By Robert Reives II
Recent events have made all of us rethink race relations in our country. Most people want to see a true and substantive change.
When asked my perspective on this I have to say that none of the change is going to be easy. The change has to happen in all aspects of our lives and the change must have context. Change requires a strong acknowledgement of our history, an honest discussion about where we are presently, and a concrete vision of what we want our future to look like. That is far from easy because it requires uncomfortable conversations about subjects we would rather not discuss. But if we are serious about our change, these conversations need to happen. We need to alter our approaches to every part of education, health care, environmental justice, and economic empowerment just to name a few. The most obvious place to start, though, is with our criminal justice system.
For almost five years I worked as a prosecutor in the Eleventh District (Lee, Harnett and Johnston counties). The time I spent at this office was invaluable. I was truly lucky to work for an elected district attorney that was incredibly progressive for that time period in the area of race relations. Thomas Lock (now a Superior Court judge) not only made sure that he had a diverse staff, but he empowered that staff in ways rarely seen even today.
When I joined that office, I joined an office that looked like my community and an office that allowed for decisions that bettered my community. Judge Lock (who we all called Tom at the time) did not feel he was doing anyone a favor when he hired minorities but felt that he was making his office better with differing thought processes and viewpoints. He encouraged innovation and did not judge us based on how many people we could put in jail. He wanted us to figure out ways to approach problems that reduced recidivism and gave people faith and confidence in the system.
While in the office, we were allowed discretion, and discretion is incredibly important for a prosecutor. People do not fit into slots. People need to be heard — victims and accused. Some of the most rewarding cases I had were cases that did not end in a prosecution. Cases where all of us worked together, officers who knew the community, victims who knew the accused, defense attorneys who cared deeply about helping their clients, to achieve our goals.
It meant a lot to African American victims of crime to come in and see faces that looked like theirs. They felt they would be heard. Just the same, it meant something to African American defendants to know they would be listened to. They did not want favor, just fairness. Our judicial system is there first and foremost of course to protect us but immediately following that the most important role is to make sure all people have faith in the system.
One of the best examples I remember is listening to one of our senior prosecutors after a big drug bust. He got a call while I was in his office from an elected official about one of the teenagers caught in the drug bust and how the teenager deserved better treatment than others. The response stayed with me: “If I give him a break then every other kid in this bust gets the same break.”
That discretion also provided the opportunity to weed out bad officers. Luckily, these were rare during my time, but when they happened, we did not turn a blind eye. The one thing I learned is that most officers do not want a bad officer around anymore than we want bad coworkers. If we had cases that did not need to be prosecuted because of an officer’s mistreatment of people of color, we could always depend on other officers to give us the heads up.

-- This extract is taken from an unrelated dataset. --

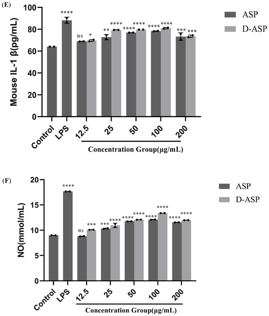 RAW 264.7 cells were plated into 96-well plates at a density of 1 × 106 cells per well and treated with ASP and D-ASP polysaccharides at varying concentrations (12.5–200 μg/mL) for 48 h. Cells treated with medium alone served as the blank control, while cells treated with 2.5 μg/mL LPS were used as the positive. Following incubation, the culture supernatants were collected to measure the levels of interleukin-6 (IL-6), tumor necrosis factor-alpha (TNF-α), and interleukin-1 beta (IL-1β) using mouse precoated ELISA kits (Dakewei Bio-engineering Co., Ltd., Shenzhen, China) as per the manufacturer’s instructions.
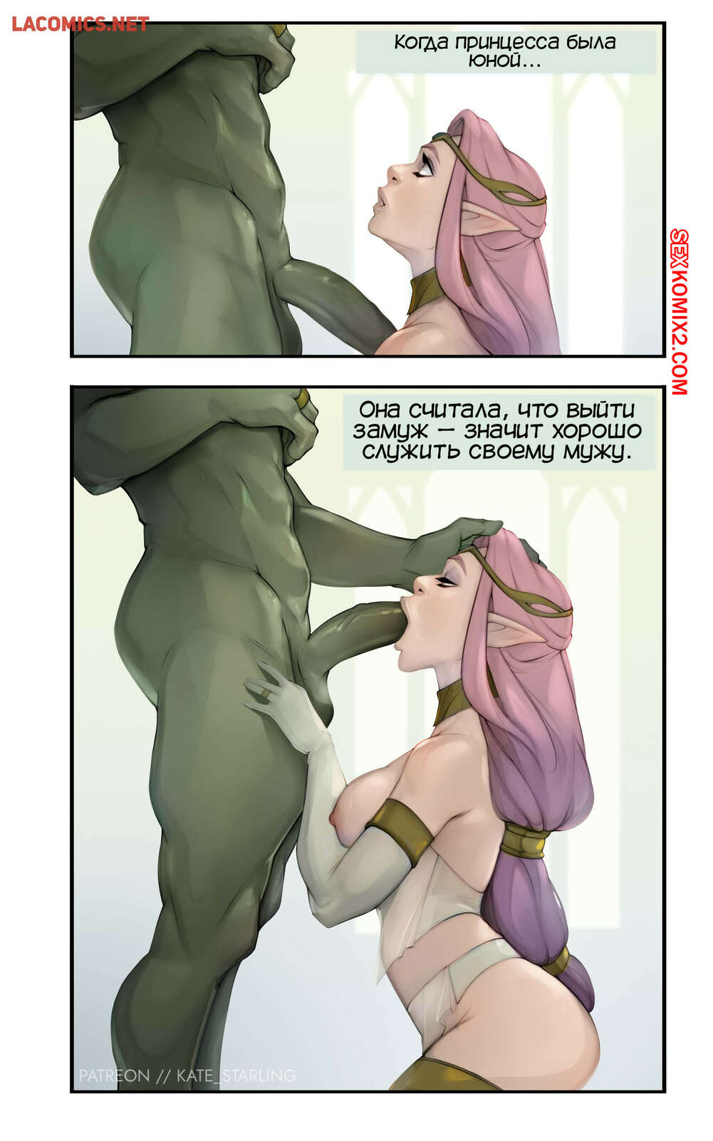 Порно комикс Кейт Старлинг. Эльфийская королева. Kate Starling. Elven Queen Горячая принцесса эльфийка выросла и стала королевой. Девушка любит радовать свой народ, поэтому она сосет большие хуи парней орков, после чего дает им себя выебать в задницу.

These officers served on diverse police forces and did not want these bad apples eroding their reputations. Because this was their community too. And just as we depended on these officers to help us eliminate racism in their departments, we all depend on each of you to help us eliminate racism in our communities.

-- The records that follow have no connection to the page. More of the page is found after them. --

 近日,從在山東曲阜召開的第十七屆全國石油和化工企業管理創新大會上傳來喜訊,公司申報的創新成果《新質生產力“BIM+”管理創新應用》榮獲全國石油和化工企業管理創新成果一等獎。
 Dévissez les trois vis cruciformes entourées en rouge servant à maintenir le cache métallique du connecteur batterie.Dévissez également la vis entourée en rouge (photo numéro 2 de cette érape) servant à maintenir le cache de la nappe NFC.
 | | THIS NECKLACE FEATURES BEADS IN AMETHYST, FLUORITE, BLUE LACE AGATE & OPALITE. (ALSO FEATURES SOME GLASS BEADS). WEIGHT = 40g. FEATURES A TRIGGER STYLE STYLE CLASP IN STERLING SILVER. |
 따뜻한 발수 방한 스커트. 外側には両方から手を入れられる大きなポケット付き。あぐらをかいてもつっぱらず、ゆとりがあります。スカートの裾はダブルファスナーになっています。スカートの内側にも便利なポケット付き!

I am thankful for the lessons I learned in the district attorney’s office. Just as we had the power to imprison, we had the power to give second chances. Both are equally important.
How the system treats you should not be based on your color, background, economic status, or address. I am happy to see a lot of those second chance teenagers grow into productive community members today, many with teenagers of their own now.

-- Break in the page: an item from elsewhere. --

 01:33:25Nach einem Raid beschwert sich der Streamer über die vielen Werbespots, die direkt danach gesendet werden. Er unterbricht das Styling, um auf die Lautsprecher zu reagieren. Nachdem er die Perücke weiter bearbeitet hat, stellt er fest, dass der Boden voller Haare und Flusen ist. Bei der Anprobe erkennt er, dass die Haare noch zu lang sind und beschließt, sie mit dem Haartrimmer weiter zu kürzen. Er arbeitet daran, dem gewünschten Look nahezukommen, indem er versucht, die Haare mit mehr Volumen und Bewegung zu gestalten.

I am happy to see many of the African American staff members I had the chance to serve with go on to have incredible careers doing a multitude of jobs. I am happy that my first exposure to the judicial system showed me that diversity works, and that looking out for people who are not like you is a good thing.
Finally, I am lucky to have been in an office with people and to serve with law enforcement officers and officials that understood, it’s not enough just to not be racist, but you have to be actively anti-racist.
It is imperative that you decide for yourself that you will not tolerate racism in any form, actively or passively, at any level. That instead of continuing to give racism safe harbor in your life, you should give good people safe harbor. Most people want to do the right thing, but it is up to us to foster an environment that allows them to do that.
Robert Reives II is the deputy Democratic leader in the North Carolina House of Representatives, representing District 54. Reives, an attorney who has worked in both prosecution and criminal defense, was born and raised in Sanford. He represented portions of Lee County in the legislature from 2014 to 2018, when his district was redrawn to cover Chatham County and portions of Durham County.